1. Introduction: 1 Building 2 Angles
  2. Approach: 1 building 2 angles
  3. Mock Questions

Introduction: 1 Building 2 Angles

Continuing in the series of “Trigonometry –>Height and Distance–> Five types of Questions. 4th type of question is “One buildings and Two angles”.
Such question usually revolve around 2 points on ground, 2 shadows, or flag+building or statue + building type of diagram.
Here are example questions (all of them solved in the video)

  1. From point A on ground, angle of elevation is 30 degree to the top of a building. Moving 20m towards the building, there is point B, with angle 60. Find height of this building
  2. As Sun’s angle of elevation increases from 30 to 60, shadow of a tree decreases by 5m.
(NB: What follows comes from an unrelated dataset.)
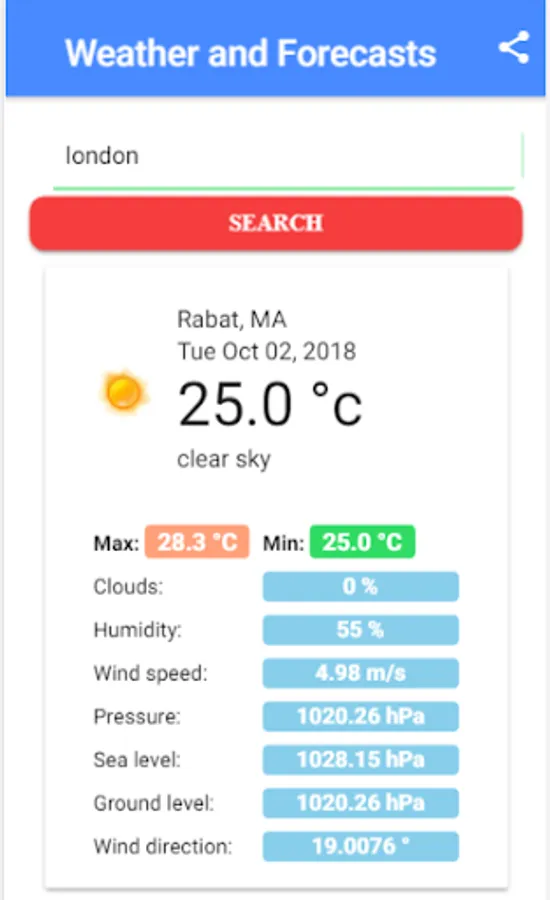 The special point is that the weather forecast app knows exactly where you are. The weather app welcome screen is weather information from your headquarters. It's incredible, is not it?

Find height of this tree.
  3. Height of a building is “h”. From a ground-point, the angle of elevation of the top of this building is “A”. On moving h/2 distance towards the building, angle becomes “B”. Find value of cotA-cotB. (SSC-CGL 2012)

Trigonometry type 3

Approach: 1 building 2 angles

  1. Since two angles are given, you make two equations of TAN using Topi-triangle shortcutTM.
  2. First equation will give you a value (either height or distance). You plug that into second equation and you’ll get the answer.
  3. Check the following video to see how ^this approach exactly works. And after watching the video, solve the mock questions given at the bottom of this article.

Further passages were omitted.